* Aim of the exercise: Once the line containing "A sumptuous deep" is found, please copy it and all lines after it through the end of the records, exactly, leaving out pictures.

** Opening Records to use block **

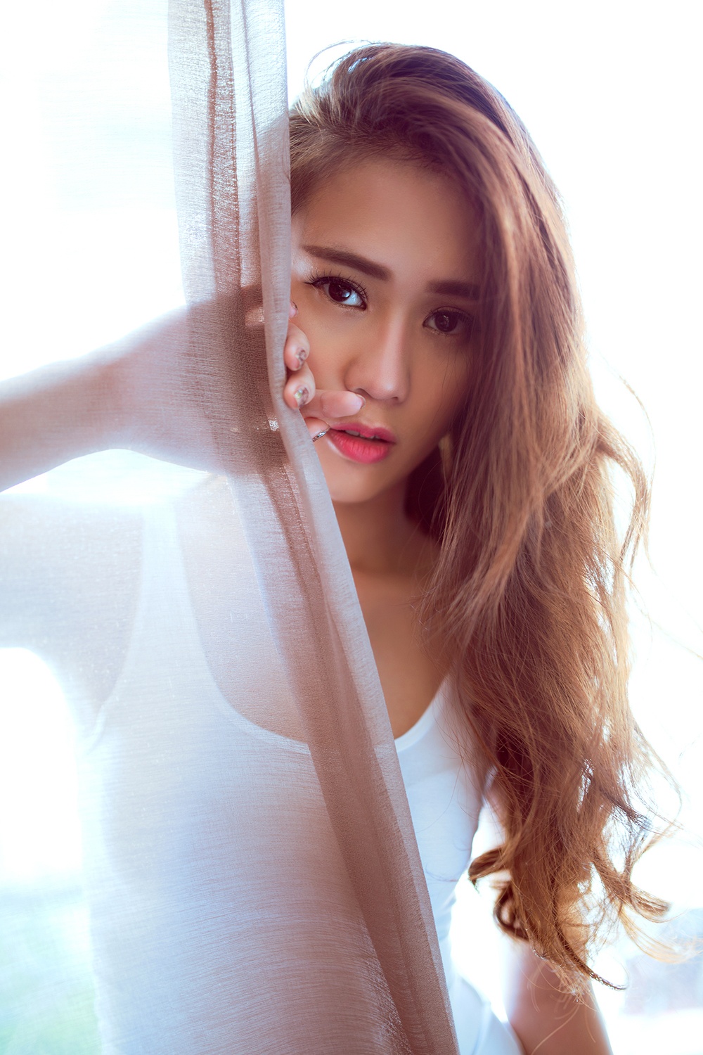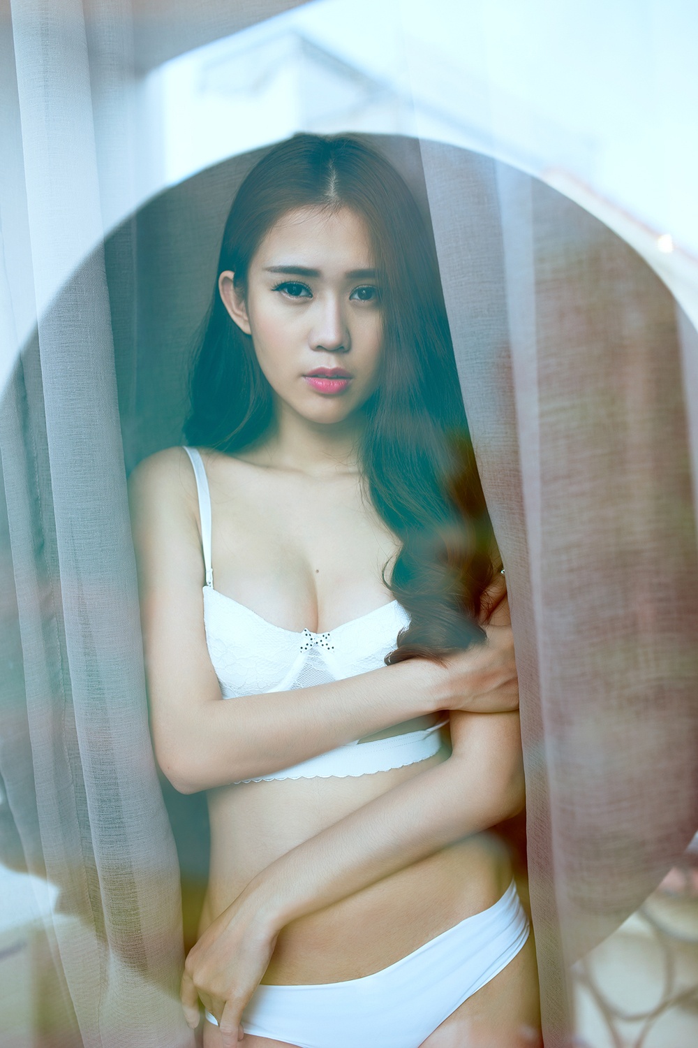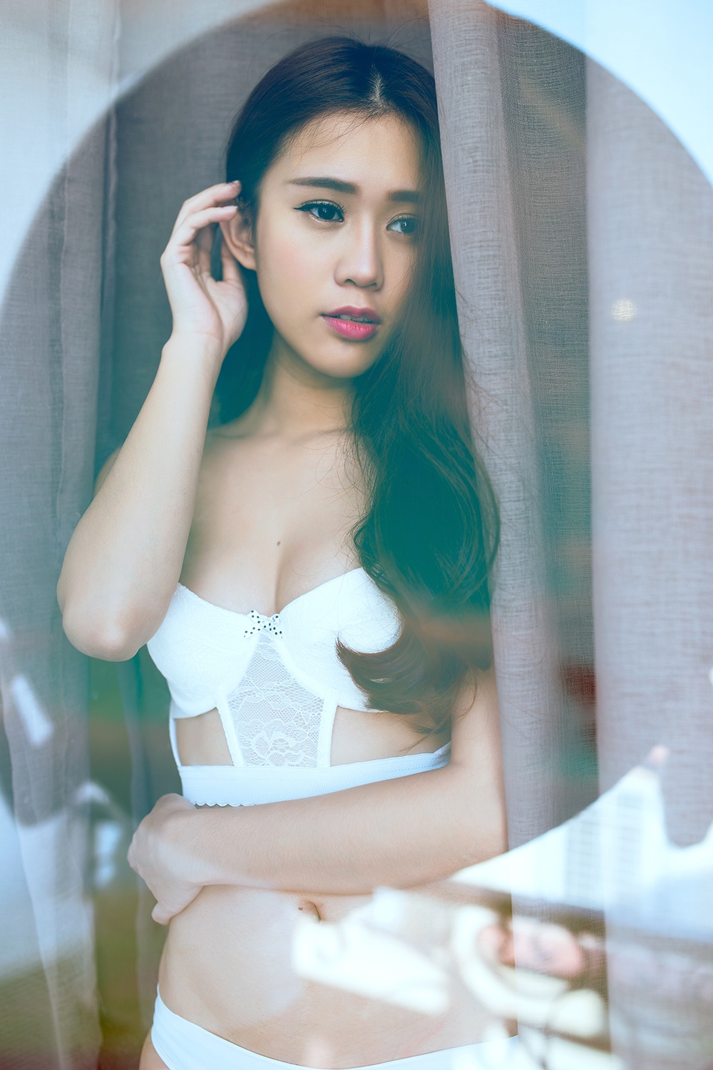 | Trang phục trắng bó sát phù hợp với bối cảnh chụp và chủ đề, định hướng hình tượng trong bộ ảnh. |
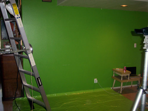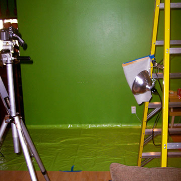 Our green screen setup... a green painted wall, a green plastic tablecloth on the floor, two ladders holding clip-on lights with tracing paper filters, and my little HD camera on the tripod I have been using since the 80s!
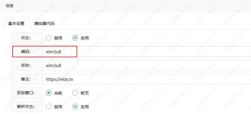 4,想要统一苹果cms的播放器重点就是编码和播放器代码。上面我们添加了播放器代码下面就是编码了,每个资源站都有自己的播放器编码,编码决定着区别每个资源的使命。如果你采集了多个资源站就使用相同的播放器代码重复添加播放器的方法多次添加即可。
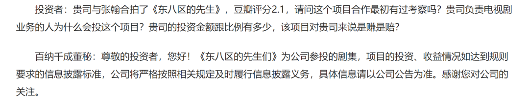 即便如此,百纳千成作为A股上市公司,投资《东八区》“翻车”事件还是引来了投资者的质疑,有投资者在公开平台上直接询问董秘“豆瓣评分2.1,请问这个项目合作最初有过考察吗?”
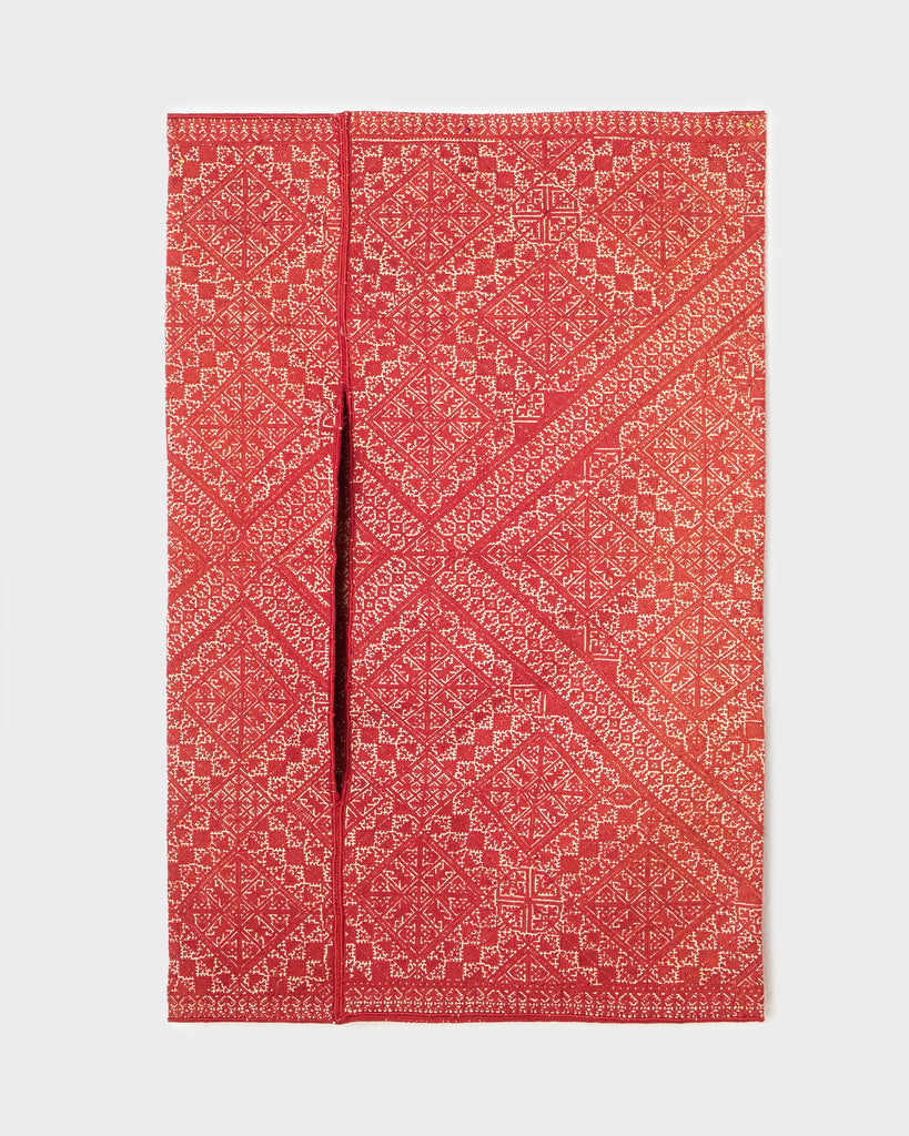 A sumptuous deep red silk panel, embroidered with intricate geometric and floral motifs, offering a glimpse into Morocco’s storied textile heritage. Ideal for conversion into a traditional Moroccan cushion, this piece exudes timeless elegance.
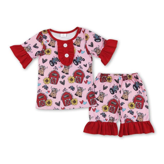 Short sleeves cows sunflower farm girls summer pajamas
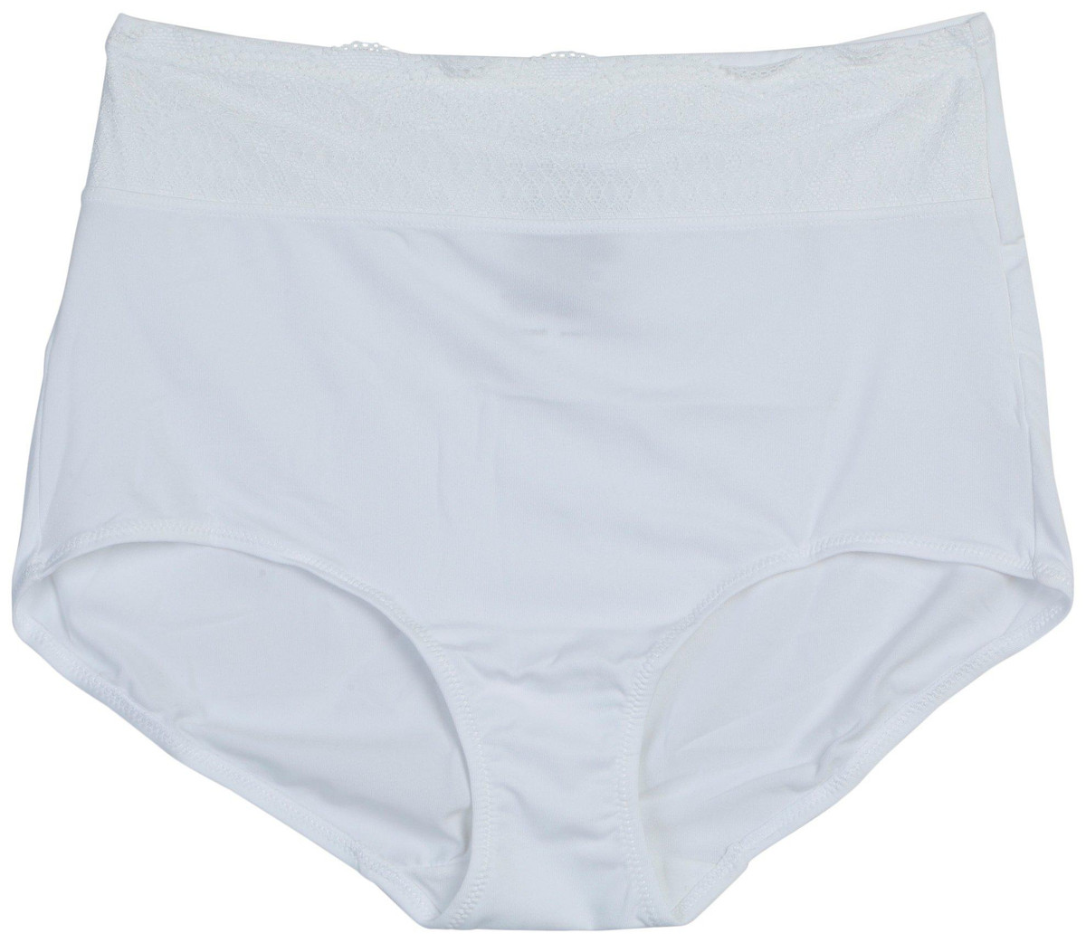 These No Pinching No Problem Lace High Waisted panties feature a gorgeous lace waistband for a smooth waistline that prevents muffin tops, innovative waist panel for relaxing fit, and an amazing lightweight silky microfiber that feels smooth against the skin. Style RS7401P.

** Closing Records to use block **

* Result of the task:
 A sumptuous deep red silk panel, embroidered with intricate geometric and floral motifs, offering a glimpse into Morocco’s storied textile heritage. Ideal for conversion into a traditional Moroccan cushion, this piece exudes timeless elegance.
 Short sleeves cows sunflower farm girls summer pajamas
 These No Pinching No Problem Lace High Waisted panties feature a gorgeous lace waistband for a smooth waistline that prevents muffin tops, innovative waist panel for relaxing fit, and an amazing lightweight silky microfiber that feels smooth against the skin. Style RS7401P.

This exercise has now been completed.